Another piece  explore  First Nations traditions like the Sundance. Another piece shows an up and coming  teen hand drum group the White Buffalo Singers.

Naatoíyiki (Cheyenne McGinnis) shows off one of their toques in the SAAG store. Photo by Richard Amery

“ She’s a Jingle Dancer, and a Fancy Dancer so that is reflected in the shawl. There’s 3,000 sequins on it,” Harkins said.


“ I want people to see that Native culture is   alive and thriving. There are sin songs that are passed on  through generations. There are multiple genres and accessible to all people,” Harkins said.

 The Library Gallery features Megan Feniak”s “ In Honoured Dust”/ It assembles  sculptures of  caterpillars, Glacier Lilies, trapdoor spiders and  Cyclosmia which “  consider a shared connection between consciousness and the Earth.”
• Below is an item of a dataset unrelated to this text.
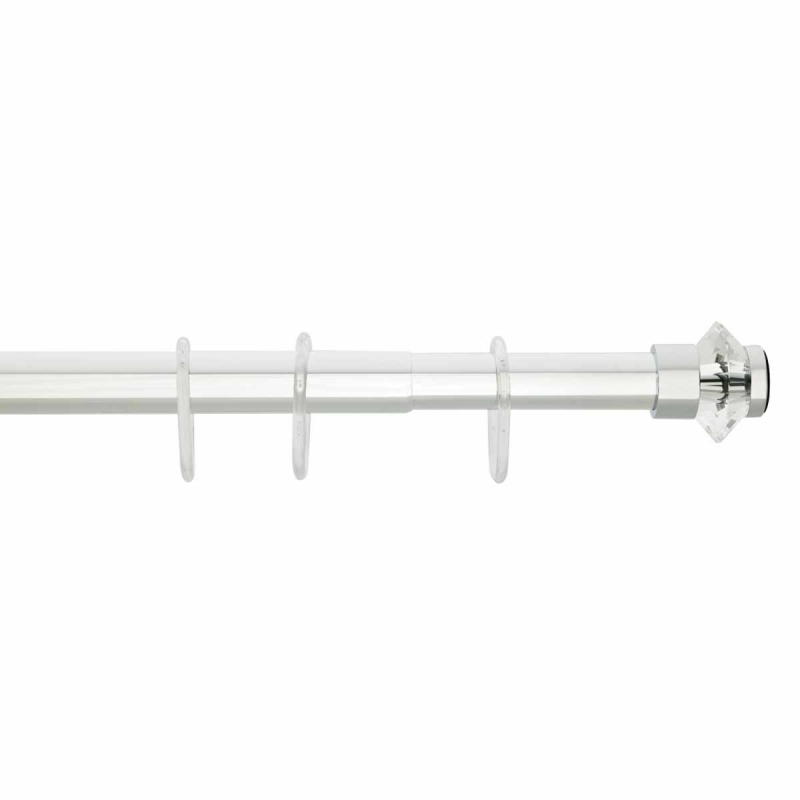 Τηλεσκοπικός βραχίονας μπάνιου από αλουμίνιο της εταιρείας Grekon, διαμέτρου Φ25mm. Το τελείωμα του είναι μεταλλικό με λεπτομέρεια κρυστάλλινου δίσκου. Στα πλάγια διαθέτει λάστιχο ώστε να μένει σταθερός στο πλακάκι, αλλά και στον τοίχο. Καλύπτει απόσταση από 160cm έως 260cm μεταξύ των τοίχων. **Δεν περιλαμβανόνται οι κρίκοι κρεμάσματος κουρτίνας που φαίνονται στη φωτογραφία.**

“The negative subconscious stimulation from insects and other ground-dwellers is thought to come from their association with filth, decomposition, and mortality,” according to a press release from The Southern Alberta Art Gallery.

The SAAG shop features the work of Naatoíyiki aka Cheyenne McGinnis a non-binary artist who runs Indig Busy-ness. McGinnis features an array of hats, toques and shirts reflecting  the issue of Treaty rights.


“ They’re approach is all natural and Earth friendly,” said U of C business school graduate McGinnis, adding the items range in price from  five dollars to five hundred.

 McGinnis is also a musicians whose CDs are also for sale there.

The Exhibits open with an opening reception, Saturday, Oct. 14 from 7-9 p.m.

Gabi Dao will be speaking about her work Oct. 14 from 2-3 p.m.